<<<<
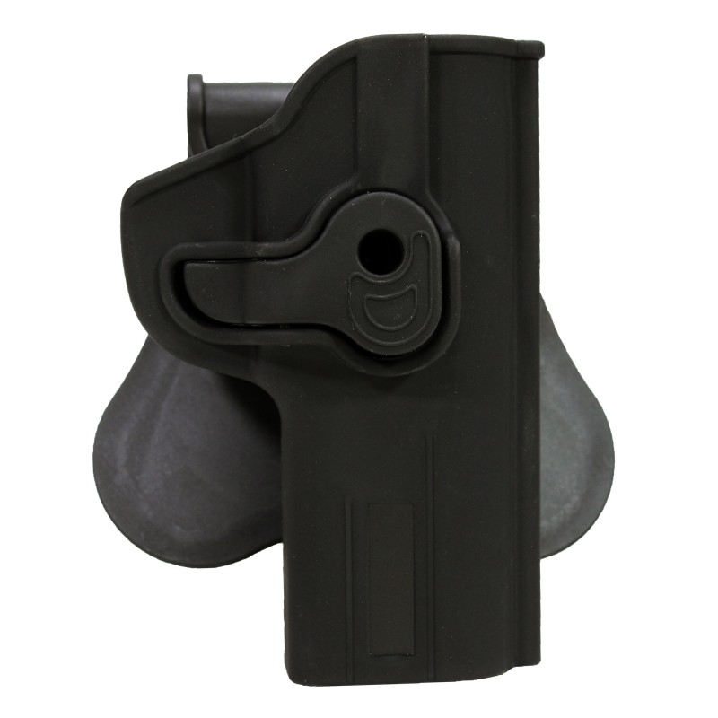 Bulldog's Rapid Release Polymer holster series is made of durable, high-tech polymer materials. The updated gun-specific design is fully adjustable to multiple draw positions. The specially designed locking mechanism provides safe and secure "Level II" retention while offering a one finger "quick draw" release.
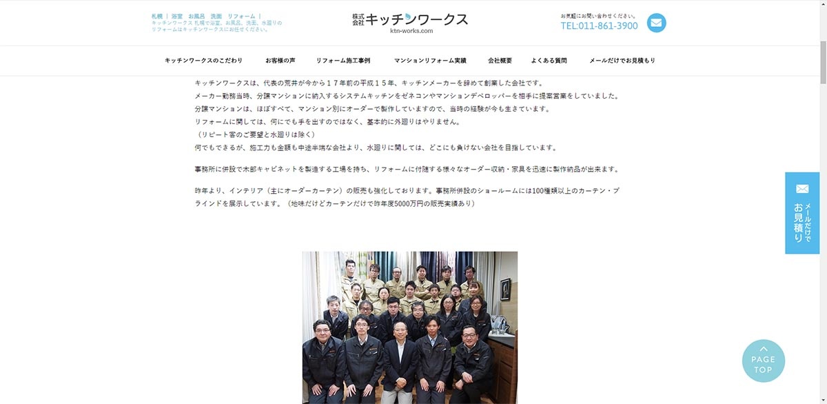 また、同社のホームページは基礎構築のみ専門業者に任せ、テキストやブログ更新などは自社で管理している。荒井社長が「ホームページに魂を入れた」と話す通り、社長自らが書いたストレートな会社紹介がユーザーに伝わり、メール問合せは月に70~80件。概算などをやり取りし、下見に訪問した段階で、ほぼ成約に至り、成約率は3~4割にも達しているという。
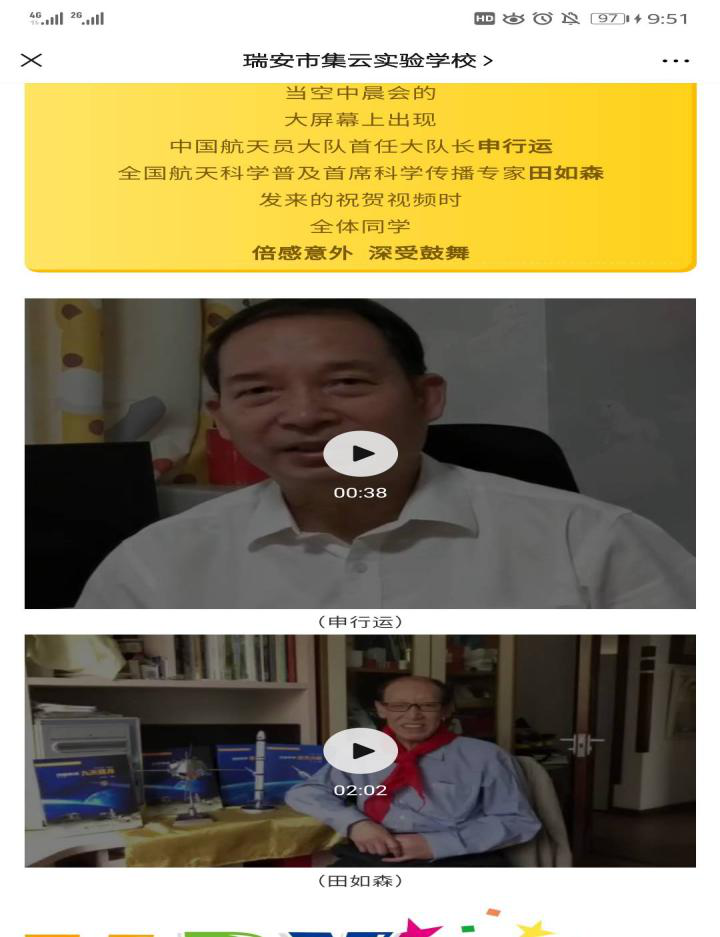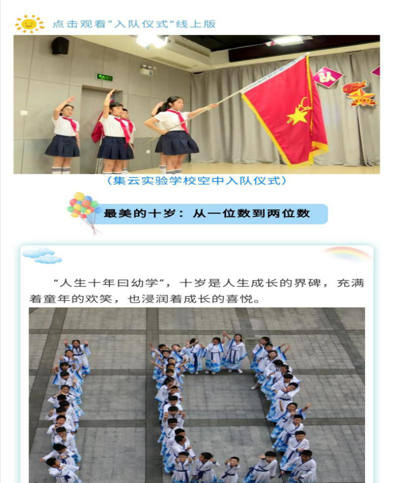此外,我们还了解了集云实验学校近期的德育活动。首先是疫情之下的六一儿童节,学校以线上线下相结合的方式,赠送了小朋友最好的六一节目。线下的教室里红旗飘飘,一年级的小朋友戴上了鲜艳的红领巾,线上展开了新队员的入队仪式。还有畅享美食、文艺汇演和观看电影的方式,为孩子们过了一堂有意义的六一儿童节。初次之外,还展开以“我和祖国一起飞”为主题的空中晨会,盛情邀请了中国航天员首任大队长申行远和全国航天科学专家田如森为同学们发来祝福。引领少年儿童怀揣梦想,奋发向上,学会自律,收获成长。
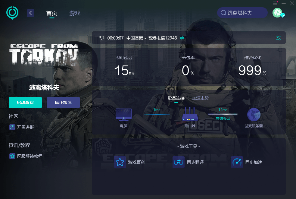 第2步:点击即可获得稳定网络连接,畅玩《逃离塔科夫:竞技场》
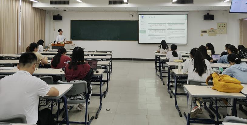 紧接着,学院“挑战杯”国赛队伍成员张宇对于“挑战杯”学术赛事做了简要介绍,号召更多的同学参与其中,他还从调研主题、调研方式、调研预案和调研成果四方面清晰梳理了队伍调研心得。他丰富的分享为同学们在实际调研中能及时发现问题、分析问题、解决问题提供了建设性的思考。
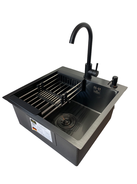 Мийка кухонна Monro 50*50 (2.5\0.5) (см) у чорному PVD + змішувач + дозатор + кошик
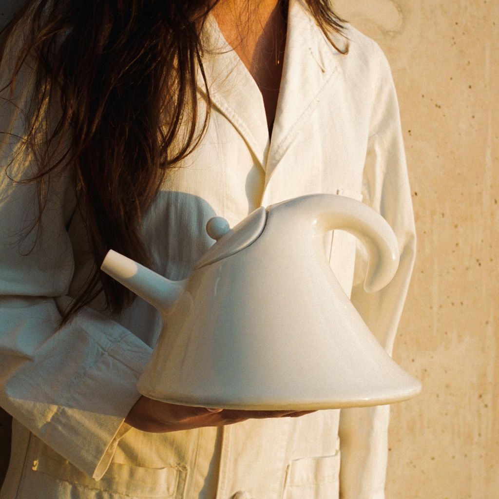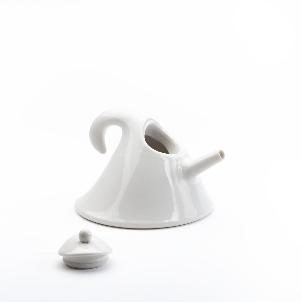 Handmade from their in-house fine porcelain recipe, the teapot features an organic spiraling form, a vertical lid, and a stout bottom. Finished in a silky white gloss, each piece is produced in small batches.
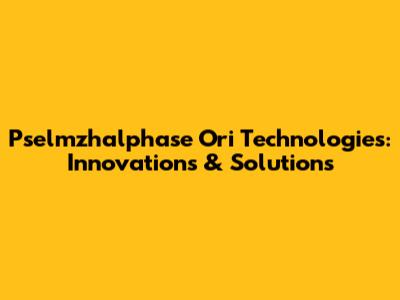 Pselmzhalphase Ori Technologies: Innovations & Solutions
>>>>
Task ::
From the records given above, reproduce all text exactly and exclude each picture.

Expected answer ::
 Bulldog's Rapid Release Polymer holster series is made of durable, high-tech polymer materials. The updated gun-specific design is fully adjustable to multiple draw positions. The specially designed locking mechanism provides safe and secure "Level II" retention while offering a one finger "quick draw" release.
 また、同社のホームページは基礎構築のみ専門業者に任せ、テキストやブログ更新などは自社で管理している。荒井社長が「ホームページに魂を入れた」と話す通り、社長自らが書いたストレートな会社紹介がユーザーに伝わり、メール問合せは月に70~80件。概算などをやり取りし、下見に訪問した段階で、ほぼ成約に至り、成約率は3~4割にも達しているという。
此外,我们还了解了集云实验学校近期的德育活动。首先是疫情之下的六一儿童节,学校以线上线下相结合的方式,赠送了小朋友最好的六一节目。线下的教室里红旗飘飘,一年级的小朋友戴上了鲜艳的红领巾,线上展开了新队员的入队仪式。还有畅享美食、文艺汇演和观看电影的方式,为孩子们过了一堂有意义的六一儿童节。初次之外,还展开以“我和祖国一起飞”为主题的空中晨会,盛情邀请了中国航天员首任大队长申行远和全国航天科学专家田如森为同学们发来祝福。引领少年儿童怀揣梦想,奋发向上,学会自律,收获成长。
 第2步:点击即可获得稳定网络连接,畅玩《逃离塔科夫:竞技场》
 紧接着,学院“挑战杯”国赛队伍成员张宇对于“挑战杯”学术赛事做了简要介绍,号召更多的同学参与其中,他还从调研主题、调研方式、调研预案和调研成果四方面清晰梳理了队伍调研心得。他丰富的分享为同学们在实际调研中能及时发现问题、分析问题、解决问题提供了建设性的思考。
 Мийка кухонна Monro 50*50 (2.5\0.5) (см) у чорному PVD + змішувач + дозатор + кошик
 Handmade from their in-house fine porcelain recipe, the teapot features an organic spiraling form, a vertical lid, and a stout bottom. Finished in a silky white gloss, each piece is produced in small batches.
 Pselmzhalphase Ori Technologies: Innovations & Solutions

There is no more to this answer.